# Rattle Traps?



## Pho Real? (May 3, 2008)

I've been asking a lot on this forum and trying to find diff lures and fake stuff that i've never tried before and want to learn about them and give them a try.

Could u guys tell me everything about Rattle Traps?

heard of R L traps too idk wtf that is either


----------



## mud (Sep 23, 2007)

yeh buy one take it to the water and throw it in using different retrieves..try mirrolures to and do the same then post a report sharing your results. The best way to learn is to spend the money and try try try. Realize that you need to watch the tides and conditions and understand you have to make the fish want it. I dont think a fish will swim from the deep blue looking for a rattle trap but if you work it right and there are fish in the area he will bite and that takes practice. IMO


----------



## Pho Real? (May 3, 2008)

oh yea and umm will mirror lures and rattle L traps or R L traps and stuff work during the night?

or use black and purple colors and glow in the darks?


----------



## Mark G (Nov 15, 2004)

jeffree said:


> oh yea and umm will mirror lures and rattle L traps or R L traps and stuff work during the night?
> 
> or use black and purple colors and glow in the darks?



Lures like rattletraps tend to work off vibrations, so color selection is less important. Stripers will nail em around rock pilings and such, but they aren't the best casting lure in the world, easier to be effective from a boat- tie a rattle trap on and cast it out and let it sink a few feet, then try different retrieve speeds, but fast is usually good to start- you should be able to feel the vibration all the way back to the rod- rattletraps vibrate like crazy. 

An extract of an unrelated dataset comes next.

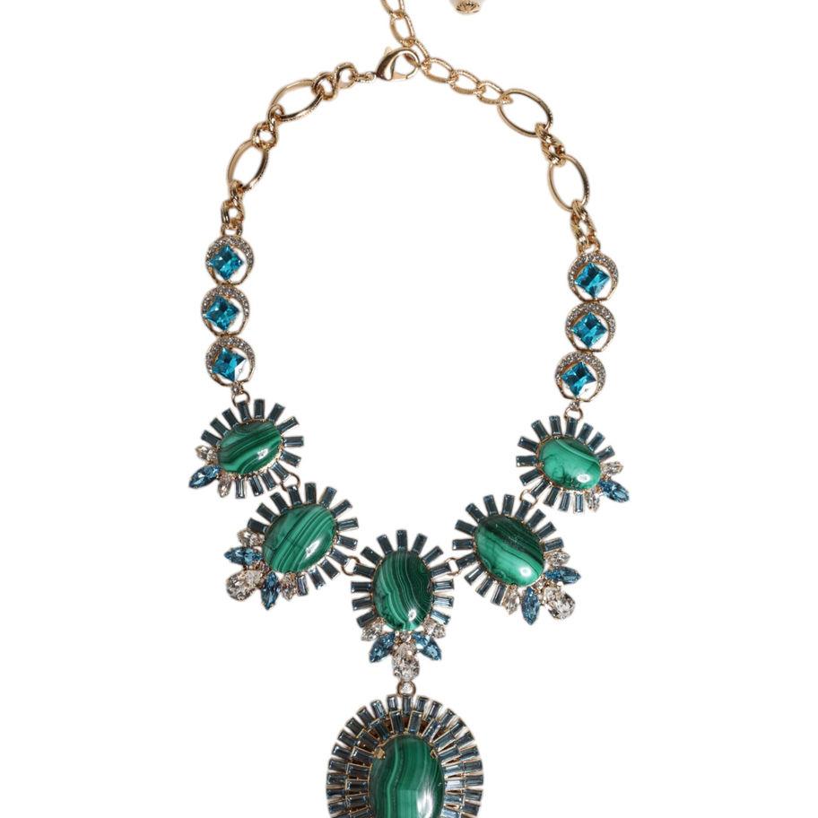 Gorgeous brand new, 100% Authentic Dolce & Gabbana gold plated brass jewelry. Item#: WNL8P5 W1111 Color: Gold, Green Model: Pendant necklace Material: 40% Brass 30% Gem 20% Crystal 10% Plastic Length: 45cm Lobster clasp closure Logo Details Made in Italy Very exclusive and rare
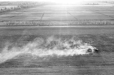 在新疆阿克苏地区沙雅县,农用机械在采收完的棉田里进行残膜回收、秸秆粉碎还田作业。新华社发

Just watch out for those small treble hooks, they can be dangerous when unhooking a fish- especially a good sized fish.


----------



## Pho Real? (May 3, 2008)

oh alright thanks


----------



## NcRon (Dec 15, 2007)

Ive had good luck off of them in the first slough,when the blues move in from a cut in the sandbar.But I Take off the first set of hooks so I don't have as much trouble unhooking those floppy toothy boogers


----------



## SALTSHAKER (Dec 5, 2002)

I like to use the rattle traps in NJ in the fall when the peanut bunker are on the move. Seems to work very well for me at that time. To be honest, have not used them much other than the time mentioned. Just a dime, the most common lures I use are black, school bus, yellow and white (or any light color) and the imitation small striper. Along with a popper a buck tail and some metal that should cover the basics for most striper fishing. I am sure there are others but the color sequence is what was told me a long time ago, and has held true... whether it is a bomber or another brand, it is the color and the retreive... salt


----------



## Pho Real? (May 3, 2008)

U know the gotcha plug u need a mono leader and u cannot use a wire leader or it ruins the lure. can i use a wire leader for the Rattle trap?


----------



## NcRon (Dec 15, 2007)

jeffree said:


> U know the gotcha plug u need a mono leader and u cannot use a wire leader or it ruins the lure. can i use a wire leader for the Rattle trap?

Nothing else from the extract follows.